过渡金属基化合物在能源转化中展现出巨大的应用潜力.过渡金属价电子在d轨道，而d轨道邻近费米能级，d轨道电子填充的变化使得d轨道中心与费米能级相对位置发生变化，进而展现出多种催化活性.电催化二氧化碳还原是一个多电子和质子耦合过程，催化剂的本征活性由其表面电子结构决定.在此背景下，过渡金属基化合物价层电子轨道的多变性使其成为提高电催化二氧化碳还原效率和选择性的理想催化剂.对于电催化二氧化碳还原，不同中间体的标度关系是制约反应总效率的关键因素.Nørskov等研究发现，MoS₂，MoSe₂和Ni掺杂MoS₂催化剂上存在不同种类的活性位点.不同的活性位点可以分别吸附反应中间体并使中间体的吸附过程相对独立，从而有效打断中间体的标度关系.2014年，Salehi-Khojin等成功把MoS₂应用在高效电催化二氧化碳还原中.边缘Mo原子d带电子靠近费米能级的特性使其具有更高的电催化活性.其它研究工作者通过引入掺杂物质，进一步提高了MoS₂的电催化二氧化碳还原性能.Fe位点在理论上虽然具有很高的电催化二氧化碳转化活性，然而目前铁基催化剂的研究相对较少.Co基材料也可用于电催化二氧化碳转化.2016年，Xie等首次制备无机Co基材料用于电催化二氧化碳还原.部分氧化的钴可以促进速控步骤反应进程，进而降低整体反应的过电势.基于此，制备了超薄的Co₃O₄片层，发现价电子轨道中心更靠近费米能级时，电极材料展现出更高的催化活性.进一步研究发现氧空穴的存在也可以减小速控步骤的能量屏障.此外，Ni基材料也被证明具有高的催化二氧化碳转化活性.目前这些研究工作对如何构建高性能电极材料在理论上给出了指导方向，并且联系实验证明了方法的可行性.受到这些工作的启发，未来可将有巨大潜力的过渡金属基化合物化合物，例如过渡金属氮化物、过渡金属磷化物、过渡金属碳化物和过渡金属硼化物等，作为电催化剂研究其二氧化碳还原催化性能.另外，就目前的研究来看，将二氧化碳有效地还原到特定的产物仍存在巨大的挑战.如何优化过渡金属（Mo，Fe，Co和Ni）基催化剂价层d轨道结构，促进反应中间体吸附过程，将是解决催化活性和选择性这一科学问题的关键.
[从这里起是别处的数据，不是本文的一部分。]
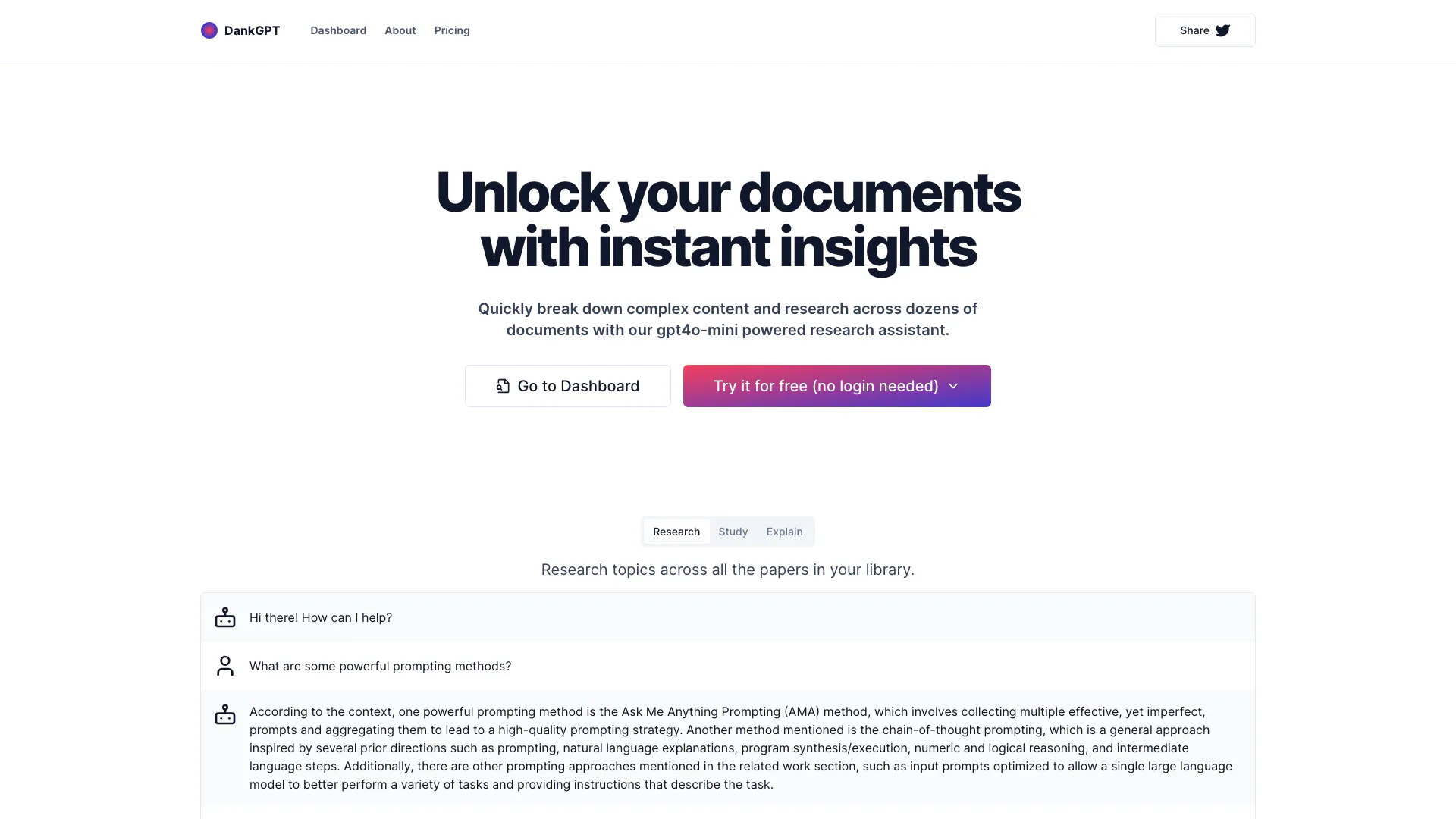 - Assistance à la Recherche Puissante: Dankgpt utilise la technologie GPT-4 pour fournir une assistance à la recherche approfondie, aidant les étudiants et les universitaires à analyser des contenus complexes à travers plusieurs documents.

关键词: 过渡金属, 能源转换, 电催化, 二氧化碳

Abstract:

The electrochemical conversion of CO₂ into value-added chemicals and fuels has attracted widespread concern since it realizes the recycling of greenhouse gases. Production of new materials lies at the very core of this technology as it enables the improvement of developmental efficiency and selectivity by chemical optimization of morphology and electronic structure. Transition metal-based catalysts are particularly appealing as their d bands have valence electrons which are close to the Fermi level and hence overcome the intrinsic activation barriers and reaction kinetics. The study of Mo, Fe, Co, and Ni-based materials in particular is a very recent research subject that offers various possibilities in electrochemical CO₂ reduction applications. Herein, we summarize the recent research progress of Mo, Fe, Co, and Ni-based catalysts and their catalytic behavior in electrochemical CO₂ reduction. We particularly focus on the relationship between structures and properties, with examples of the key features accounting for the high efficiency and selectivity of the CO₂ reduction process. The most significant experimental and theoretical improvements are highlighted. Finally, we concisely discuss the scientific challenges and opportunities for transition metal-based catalysts.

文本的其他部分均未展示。